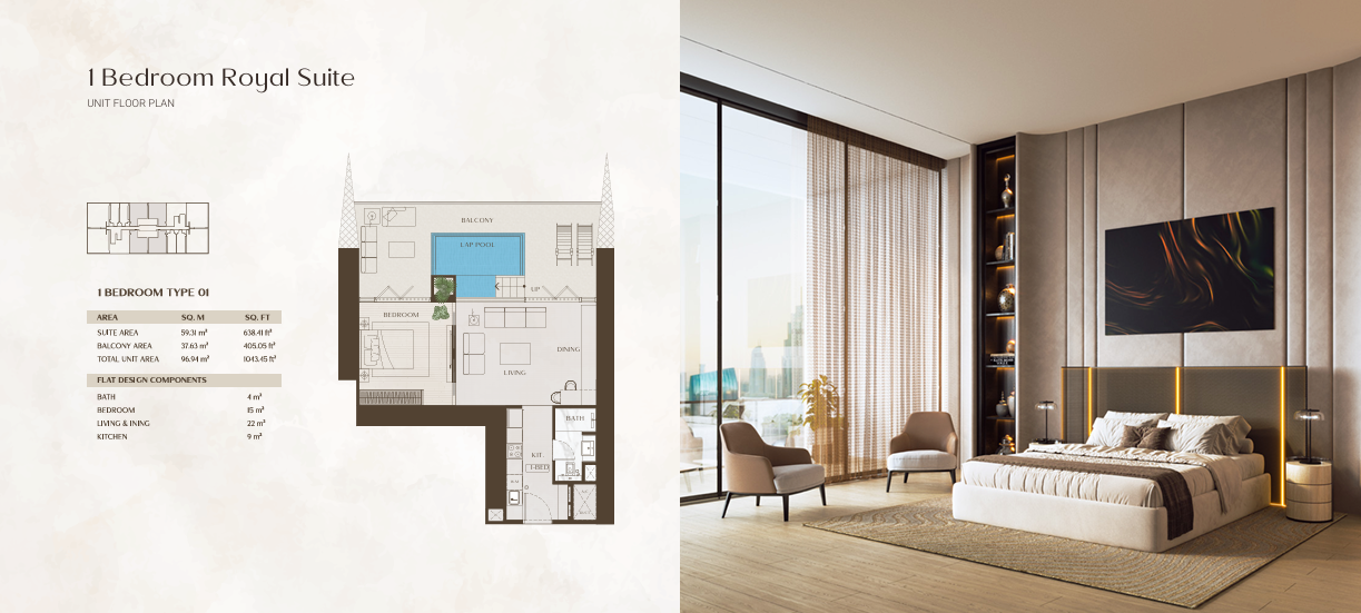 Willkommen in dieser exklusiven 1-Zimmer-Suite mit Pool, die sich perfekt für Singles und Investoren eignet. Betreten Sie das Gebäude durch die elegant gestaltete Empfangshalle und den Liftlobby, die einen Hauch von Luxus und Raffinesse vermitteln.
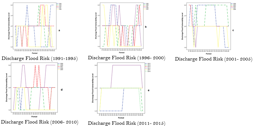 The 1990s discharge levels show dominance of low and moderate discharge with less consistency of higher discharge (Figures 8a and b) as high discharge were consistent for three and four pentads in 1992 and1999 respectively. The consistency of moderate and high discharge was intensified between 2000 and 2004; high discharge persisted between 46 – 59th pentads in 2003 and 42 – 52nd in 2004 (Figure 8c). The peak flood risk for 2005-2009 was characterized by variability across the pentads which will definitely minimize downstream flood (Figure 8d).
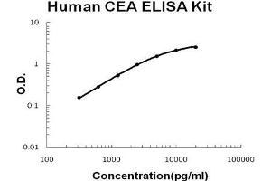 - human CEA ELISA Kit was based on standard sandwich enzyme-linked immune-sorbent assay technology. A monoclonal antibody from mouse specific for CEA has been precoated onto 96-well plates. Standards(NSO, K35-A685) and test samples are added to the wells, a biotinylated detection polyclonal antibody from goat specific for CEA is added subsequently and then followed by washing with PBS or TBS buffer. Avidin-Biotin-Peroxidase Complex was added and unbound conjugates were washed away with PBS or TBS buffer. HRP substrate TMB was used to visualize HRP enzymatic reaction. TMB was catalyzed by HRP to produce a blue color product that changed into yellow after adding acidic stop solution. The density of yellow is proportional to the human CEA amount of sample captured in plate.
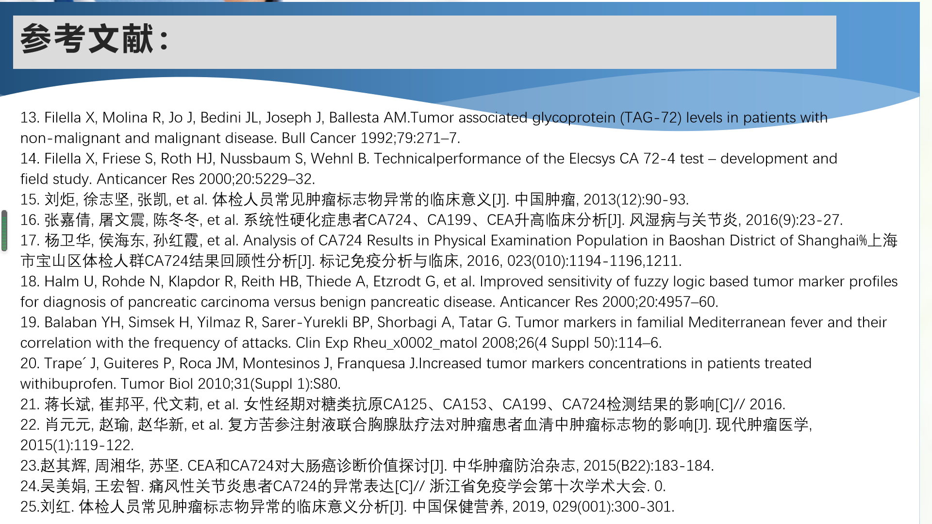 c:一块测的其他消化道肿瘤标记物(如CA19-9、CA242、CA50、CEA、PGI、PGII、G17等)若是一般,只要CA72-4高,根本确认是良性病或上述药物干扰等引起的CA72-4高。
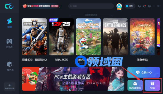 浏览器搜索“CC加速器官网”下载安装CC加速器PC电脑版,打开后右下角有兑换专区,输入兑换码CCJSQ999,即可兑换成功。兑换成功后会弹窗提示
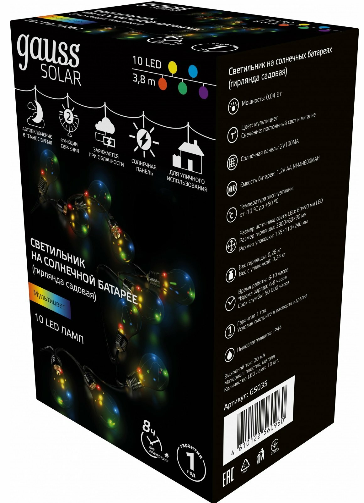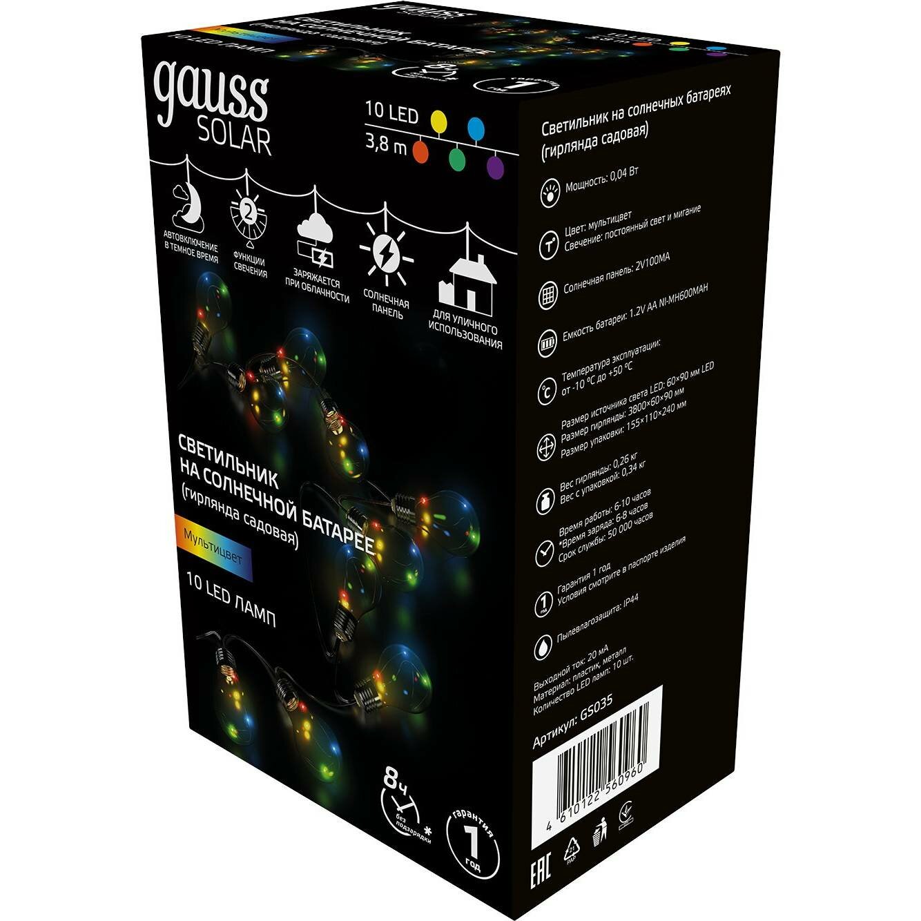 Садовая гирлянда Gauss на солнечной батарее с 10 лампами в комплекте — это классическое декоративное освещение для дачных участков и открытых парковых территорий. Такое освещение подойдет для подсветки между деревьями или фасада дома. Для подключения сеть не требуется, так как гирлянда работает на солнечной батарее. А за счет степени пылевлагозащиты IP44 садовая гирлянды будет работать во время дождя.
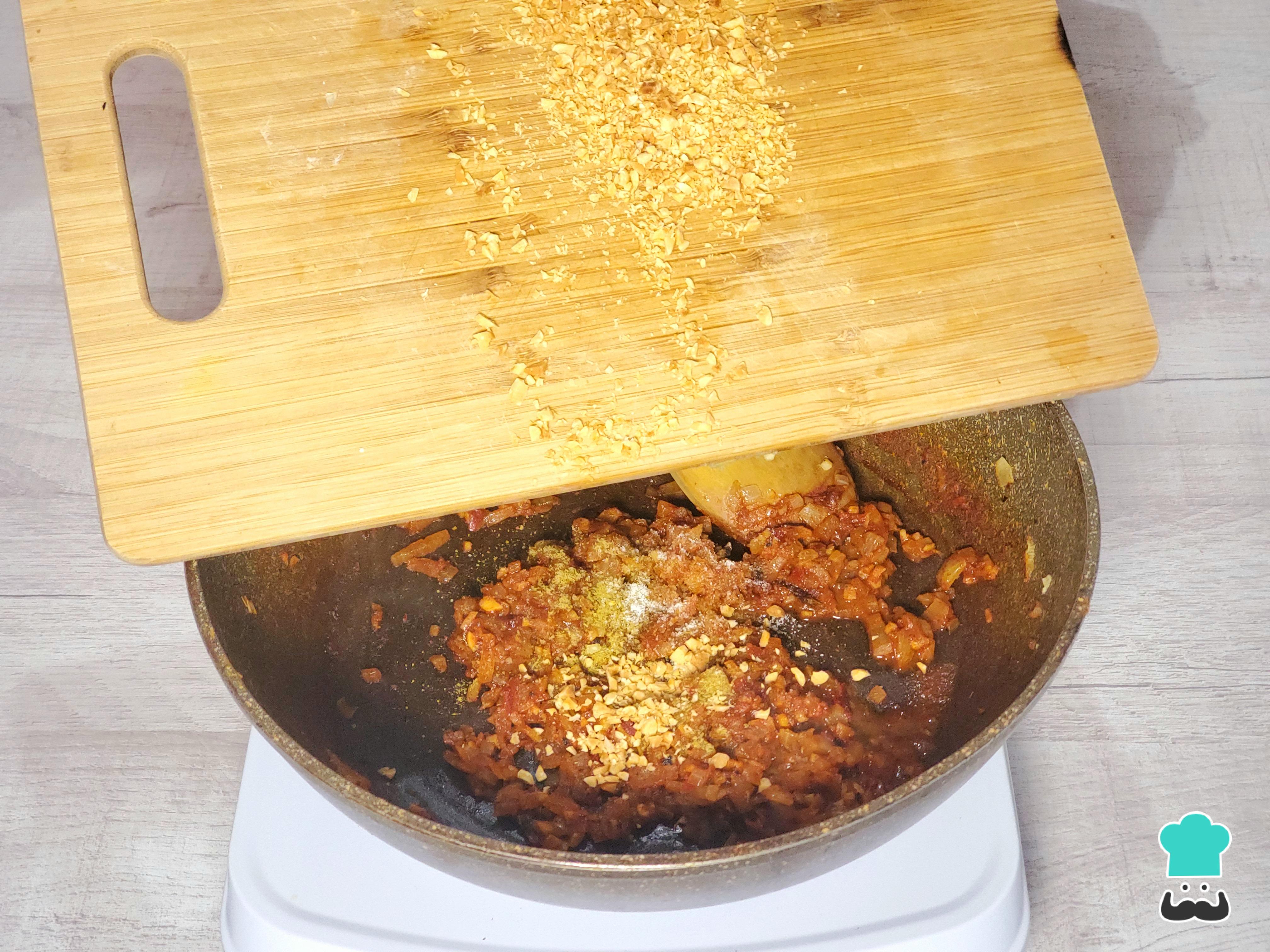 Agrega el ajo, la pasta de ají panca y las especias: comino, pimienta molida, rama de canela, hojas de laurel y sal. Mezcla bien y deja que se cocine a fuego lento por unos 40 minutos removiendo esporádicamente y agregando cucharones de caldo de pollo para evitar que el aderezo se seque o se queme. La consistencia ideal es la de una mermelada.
:::::
:: Exercise aim ::
Every entry above is to be copied verbatim, with the pictures removed.

:: Task answer ::
 Willkommen in dieser exklusiven 1-Zimmer-Suite mit Pool, die sich perfekt für Singles und Investoren eignet. Betreten Sie das Gebäude durch die elegant gestaltete Empfangshalle und den Liftlobby, die einen Hauch von Luxus und Raffinesse vermitteln.
 The 1990s discharge levels show dominance of low and moderate discharge with less consistency of higher discharge (Figures 8a and b) as high discharge were consistent for three and four pentads in 1992 and1999 respectively. The consistency of moderate and high discharge was intensified between 2000 and 2004; high discharge persisted between 46 – 59th pentads in 2003 and 42 – 52nd in 2004 (Figure 8c). The peak flood risk for 2005-2009 was characterized by variability across the pentads which will definitely minimize downstream flood (Figure 8d).
 - human CEA ELISA Kit was based on standard sandwich enzyme-linked immune-sorbent assay technology. A monoclonal antibody from mouse specific for CEA has been precoated onto 96-well plates. Standards(NSO, K35-A685) and test samples are added to the wells, a biotinylated detection polyclonal antibody from goat specific for CEA is added subsequently and then followed by washing with PBS or TBS buffer. Avidin-Biotin-Peroxidase Complex was added and unbound conjugates were washed away with PBS or TBS buffer. HRP substrate TMB was used to visualize HRP enzymatic reaction. TMB was catalyzed by HRP to produce a blue color product that changed into yellow after adding acidic stop solution. The density of yellow is proportional to the human CEA amount of sample captured in plate.
 c:一块测的其他消化道肿瘤标记物(如CA19-9、CA242、CA50、CEA、PGI、PGII、G17等)若是一般,只要CA72-4高,根本确认是良性病或上述药物干扰等引起的CA72-4高。
 浏览器搜索“CC加速器官网”下载安装CC加速器PC电脑版,打开后右下角有兑换专区,输入兑换码CCJSQ999,即可兑换成功。兑换成功后会弹窗提示
 Садовая гирлянда Gauss на солнечной батарее с 10 лампами в комплекте — это классическое декоративное освещение для дачных участков и открытых парковых территорий. Такое освещение подойдет для подсветки между деревьями или фасада дома. Для подключения сеть не требуется, так как гирлянда работает на солнечной батарее. А за счет степени пылевлагозащиты IP44 садовая гирлянды будет работать во время дождя.
 Agrega el ajo, la pasta de ají panca y las especias: comino, pimienta molida, rama de canela, hojas de laurel y sal. Mezcla bien y deja que se cocine a fuego lento por unos 40 minutos removiendo esporádicamente y agregando cucharones de caldo de pollo para evitar que el aderezo se seque o se queme. La consistencia ideal es la de una mermelada.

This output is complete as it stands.